Nevertheless, the study findings identify three potentially important factors to consider when developing and implementing a smoking cessation treatment program with cancer patients – patient age, sex, and cancer type – and underscore the potential effect of depression symptoms that may link patient sex and cancer type to smoking cessation outcomes. Younger patients, female patients, and patients with tobacco-related cancers may need to be targeted with more intensive smoking cessation interventions which specifically address symptoms of psychological distress such as interventions described by Dy et al. [Citation46]. Indeed, cancer patients are at heightened risk for developing clinically relevant symptoms of depression [Citation47] which significantly predict smoking relapses [Citation29]. Cancer patients, therefore, may require targeted treatments to address their use of tobacco to self-medicate to alleviate symptoms of depression.
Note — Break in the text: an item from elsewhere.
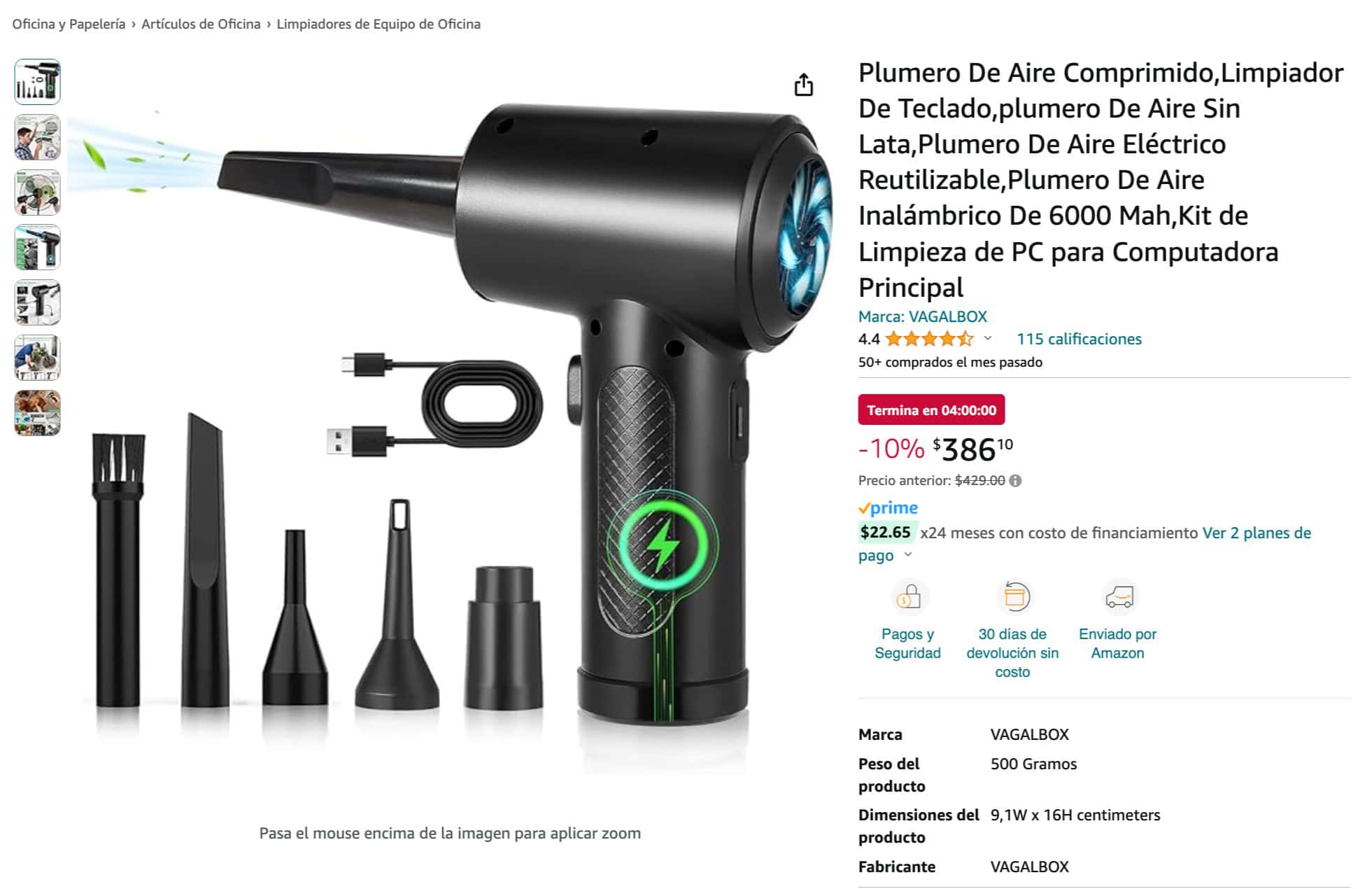 En el empaque vienen 4 boquillas y 1 cepillo, perfectos para limpiar todo tipo de superficies y lugares, desde tu computadora y ventiladores hasta teclados, coches y mucho más. Incluye una boquilla fina y larga para acceder a rincones estrechos y zonas de difícil acceso, además de boquillas y cepillos intercambiables que ofrecen mayor comodidad y eficiencia en la limpieza.

Future studies are needed to further elucidate predictors of smoking behavior among cancer patients, including additional measures of psychological distress (e.g. anxiety, guilt, shame, fatalism), indicators of cognitive impairment, and the unique time-course of relapse among patients [Citation48]. In turn, an important direction for future research is to test innovative treatments that address these predictors in order to reduce the high rates of continued smoking in this population and improve patient clinical outcomes.

Acknowledgements

The authors would like to thank Ms. Jeanne Pomenti for assisting with the preparation of this manuscript. This study was funded by grant R01 CA95678 from the National Cancer Institute. Transdermal nicotine patches were provided free-of-charge by GlaxoSmithKline. Dr. Schnoll serves as a consultant to GlaxoSmithKline, one of several companies that manufactures the transdermal nicotine patch.

Declaration of interest: The authors report no conflicts of interest. The authors alone are responsible for the content and writing of the paper.